MATTER OF FIREMEN'S FUND INS. CO. OF NEWARK v. HopkinsAnnotate this Case
88 N.Y.2d 836 (1996)
666 N.E.2d 1354
644 N.Y.S.2d 481
In the Matter of Firemen's Fund Insurance Company of Newark, Appellant, v. John Hopkins, Jr., Respondent.
Court of Appeals of the State of New York.
Argued March 19, 1996.
Decided April 30, 1996.
Alio & Ronan, Melville (Carol Simonetti of counsel), for appellant.
Wallace & Witty, P. C., Bay Shore (Jason F. Zimmerman of counsel), for respondent.
Chief Judge KAYE and Judges SIMONS, TITONE, BELLACOSA, SMITH, LEVINE and CIPARICK concur.
The order of the Appellate Division should be affirmed, with costs.
*837Respondent John Hopkins, Jr., sustained serious injuries in a July 23, 1989 accident involving a friend's car in which he was a passenger. The accident allegedly occurred when an unknown individual took control of the vehicle by force and caused it to collide with other automobiles. On June 4, 1992, almost three years after the accident, respondent notified petitioner Firemen's Fund Insurance Company that he intended to bring an uninsured motorist's claim under his father's policy on the ground that the vehicle in question had been stolen at the time of the accident and was thus uninsured. Petitioner sent letters on two occasions requesting respondent to provide details concerning the accident and account for the three-year delay in making the claim. On October 5, 1992, respondent provided petitioner with the requested information concerning the accident, but offered no explanation for the delay. Petitioner did not respond, and respondent served petitioner with a notice of intention to arbitrate his claim.
Petitioner commenced this CPLR article 75 proceeding on February 8, 1993 seeking to permanently stay arbitration on the sole ground that respondent failed to give written notice of his claim "within 90 days or as soon as practicable," as required by the New York State Automobile Accident Indemnification Endorsement. Supreme Court granted petitioner's application to permanently stay arbitration. The Appellate Division, with two Justices dissenting, reversed on the law, dismissed the petition, and directed the parties to proceed to arbitration.

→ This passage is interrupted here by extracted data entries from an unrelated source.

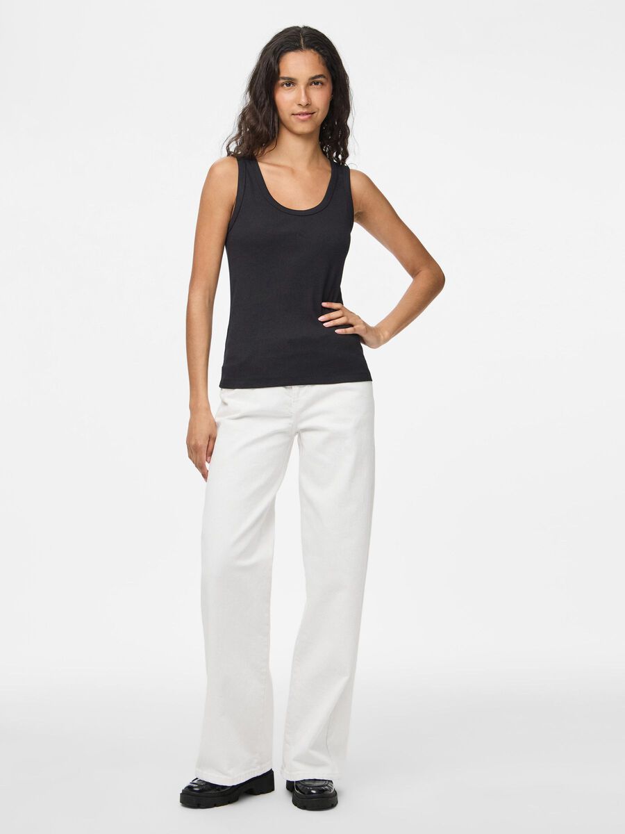 Classic off-white vest, perfect for the summer with your favourite bottoms.
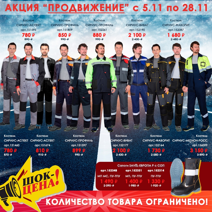 Объявляем о проведении АКЦИИ “ПРОДВИЖЕНИЕ” с 5.11 по 28.11 на летнюю спецодежду. Количество товара ограничено!
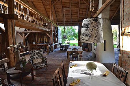 從前農業活動需要堆高麥稈、方便拖車進入而打造的大型門扉,也是主屋的一大特色,現在這裡也是房客用餐的餐廳、酒吧位置。
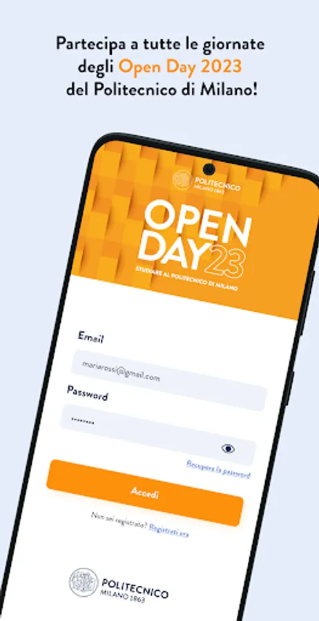 Official app of the three-year and single-cycle degrees Open Day for future students of the Politecnico di Milano.
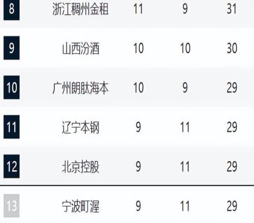 8-10分别是浙江、山西和广州。浙江已经三连胜了,之前出现起伏之后,最近的状态开始巩固起来了。山西则是三连败,他们的排名也在下跌。也没有办法,没有了张宁,他们的实力确实拉胯。广州在徐昕和郭艾伦缺席的情况下,他们这轮溃败给了上海。 11-13分别是辽宁、北控和宁波。辽宁这轮大胜四川,止住颓势。北控最近的趋势越来越好,内线暴走的情况下,全队都被盘活,现在已经两连胜了。宁波最近遭遇两连败,这段时间攻守一塌糊涂。
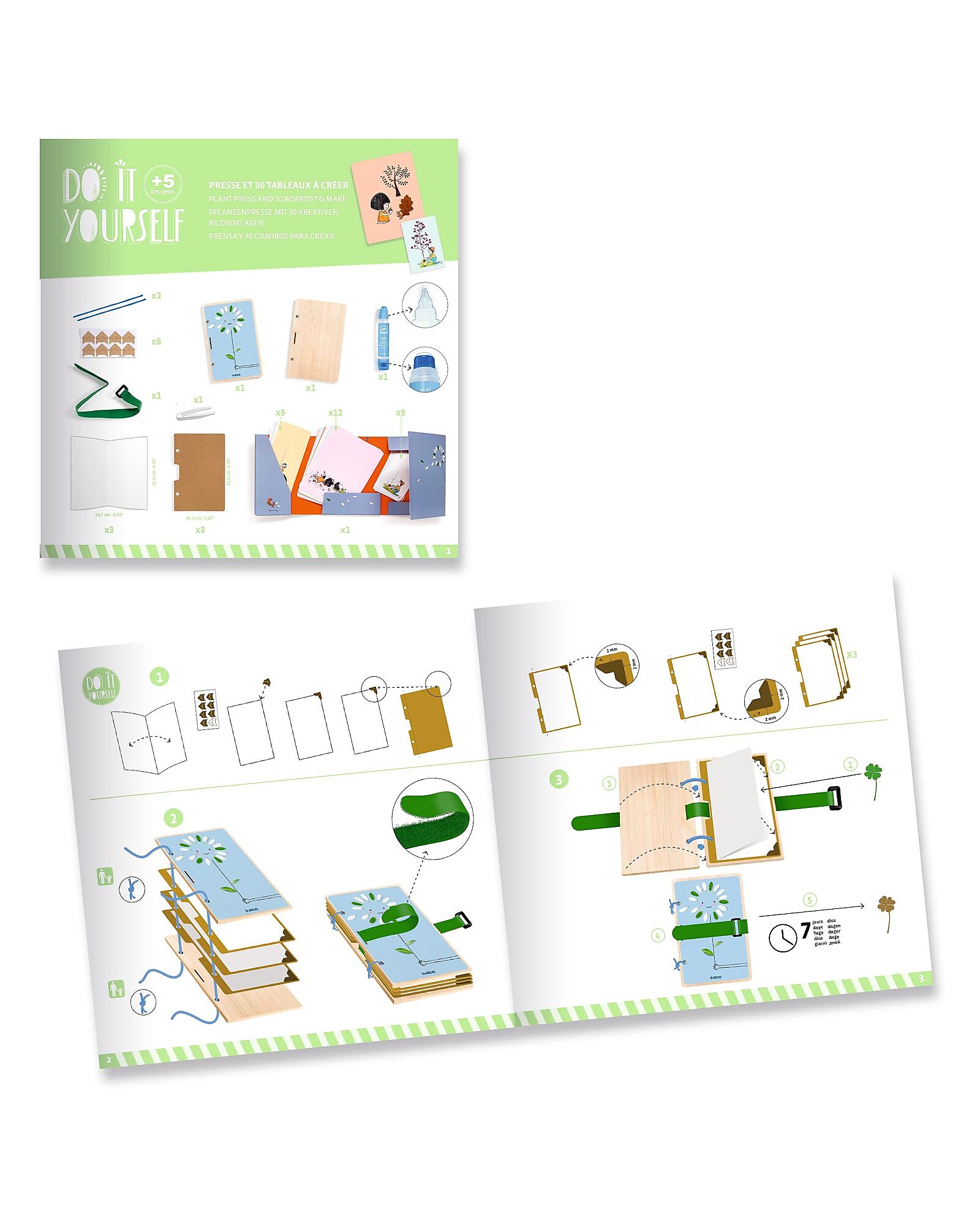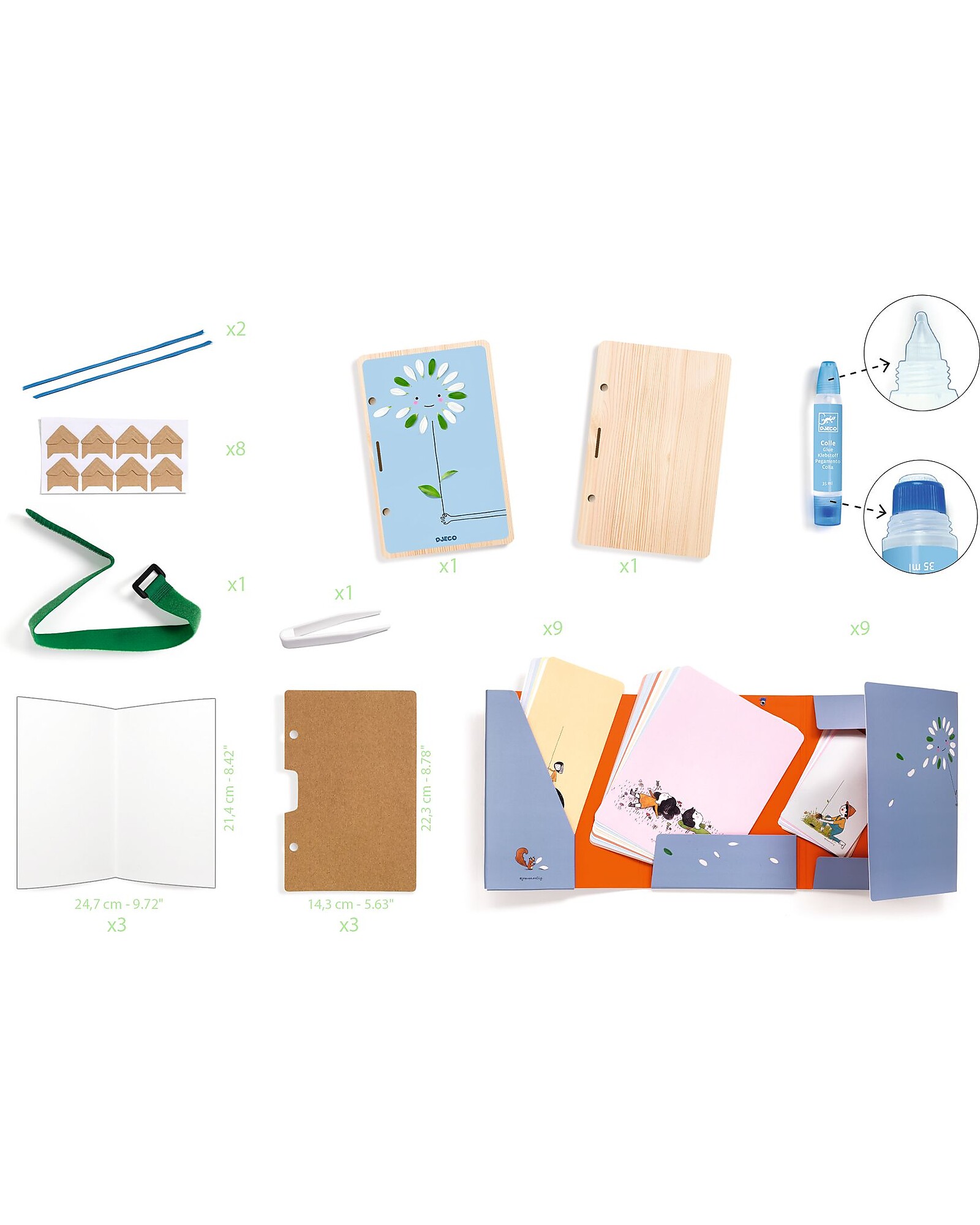 - The box includes: 1 wooden press to assemble (2 illustrated and perforated wooden boards, 1 Velcro strap, 3 cardboard boards, 8 corner stickers, 3 sheets of paper, 2 rubber bands), 1 illustrated storage pouch, 12 illustrated tables ( 18.5 x 23.5 cm), 9 large cards (10.5 x 25 cm), 9 small cards (10 x 15 cm), 1 tube of double-ended liquid glue (a wide end and a precision end to facilitate the collage activity) and a notice guiding the child step by step in all the stages of its creation.
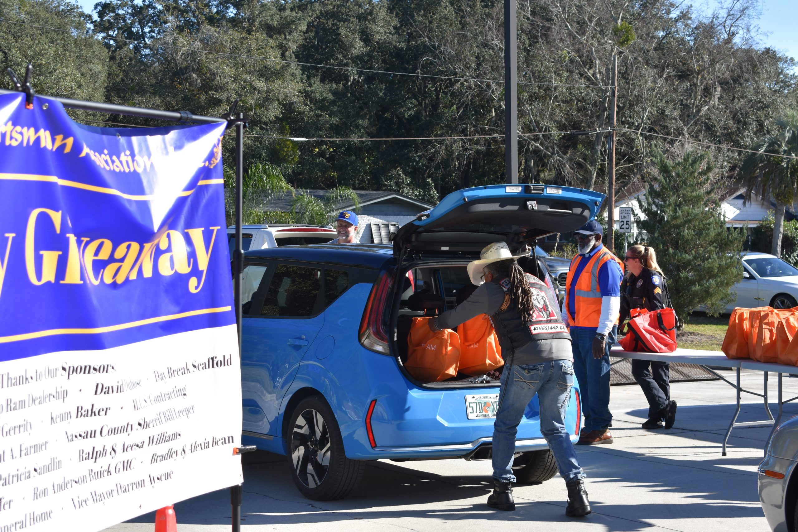 About 30 volunteers helped carry out the event, most of whom are members of the Elm Street Sportsman Association. They were helped by Fernandina Beach police officers, City Commissioner Genece Minshew and members of a Kingsland-based motorcycle club. The volunteers waved cars forward, exchanged greetings and worked to keep the drive-thru line moving steadily.
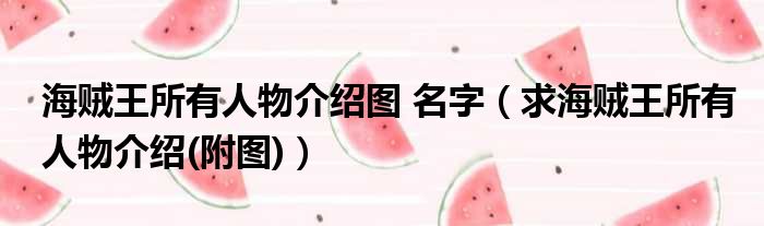 海贼王所有人物介绍图 名字(求海贼王所有人物介绍(附图))
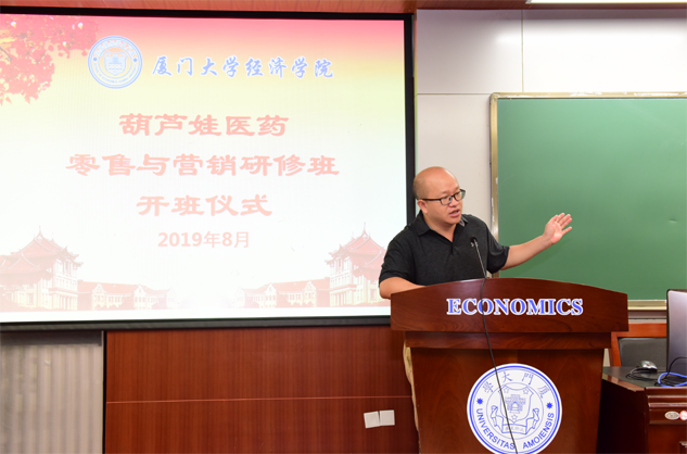 在开班仪式上,廖景峰主任首先代表厦门大学经济学院热烈欢迎天美娱乐医药零售与营销研修班的学员到厦大学习,并就厦门大学及经济学院的相关情况进行了介绍。他说,天美娱乐学员走进厦大就是厦大的校友,希望未来的日子能够关心、支持母校的发展,多提宝贵意见,同时他也祝大家在厦大学习期间学有所成、学有所获。
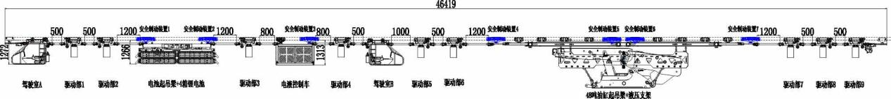 方式二:起吊梁位于最前端位置,適用于直接將液壓支架運(yùn)輸?shù)焦ぷ髅媲醒畚恢眠\(yùn)輸方式,采用葫蘆驅(qū)動(dòng)形式起吊梁,也可拆解為小噸位起吊梁,用于運(yùn)輸平板車、礦車等小型貨物。
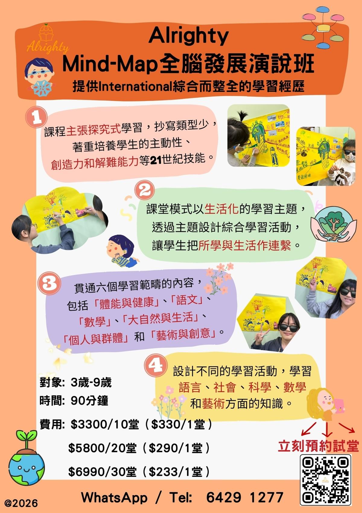 Alrighty Mind-Map 全腦發展演說班,為3-9 歲兒童提供國際化綜合學習體驗,以思維導圖為核心工具,在探究式學習中激發孩子主動性、創造力與解難能力,全面啟發全腦潛能✨
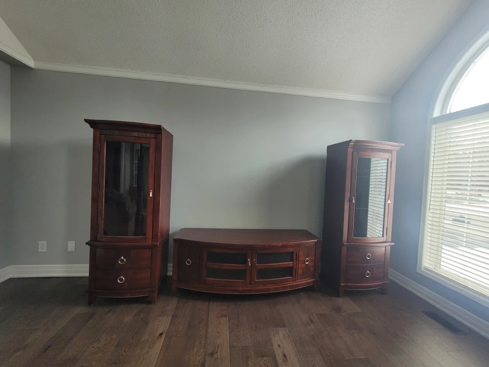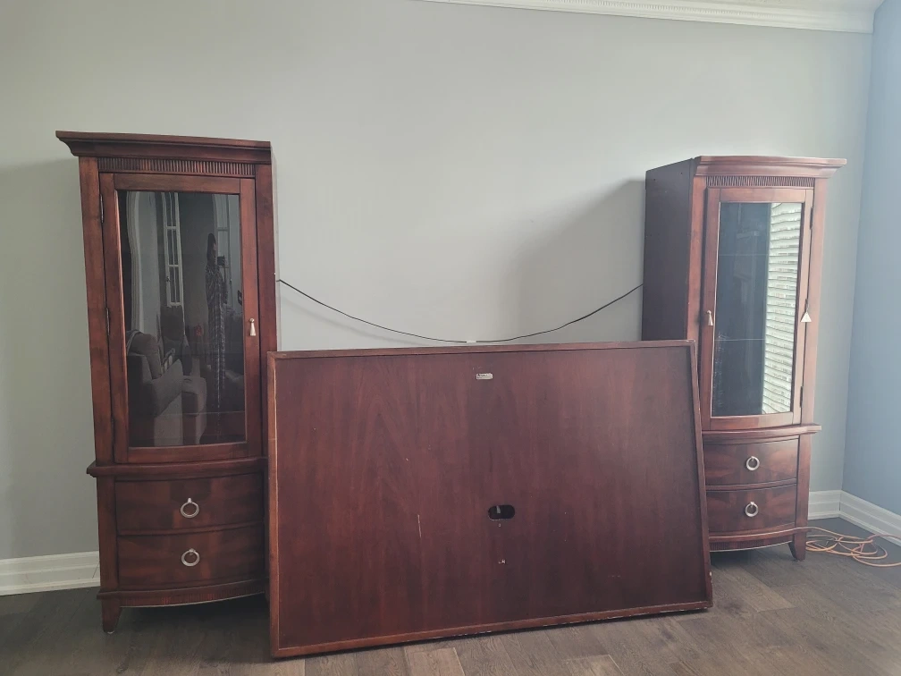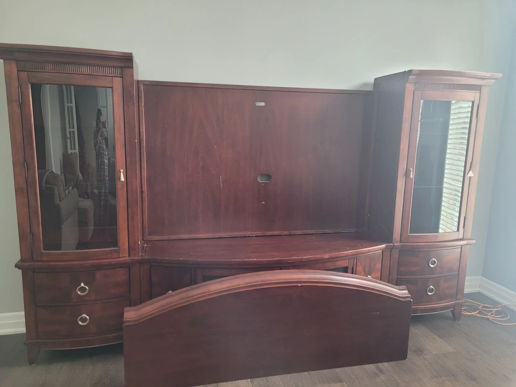 Selling a large wooden entertainment unit. It's in good condition and comes in multiple pieces for easier transport. Perfect for a living room or entertainment space!

An insurer must give written notice of disclaimer on the ground of late notice "as soon as is reasonably possible after it first learns of the accident or of grounds for disclaimer of liability," and failure to do so "precludes effective disclaimer" (Hartford Ins. Co. v County of Nassau, 46 N.Y.2d 1028, 1029; see, Allstate Ins. Co. v Gross, 27 N.Y.2d 263). An unexplained delay of two months in disclaiming liability for late notice has been held unreasonable as a matter of law (see, Hartford Ins. Co. v County of Nassau, supra).
Petitioner here should have been aware that the claim was untimely upon respondent's first notification in June 1992. Petitioner never sent any notice of disclaimer and the only communication of its intent to disclaim was contained in the February 1993 petition to stay arbitration, nearly eight months after petitioner first received notice of the accident, and four months after it received the complete record. Thus, as a matter *838 of law, petitioner failed to furnish timely notice of disclaimer. Petitioner's attorney's averment that respondent's claim was denied on November 11, 1992 lacks any evidentiary support in the record. Petitioner's remaining arguments are unpreserved.
Order affirmed, with costs, in a memorandum.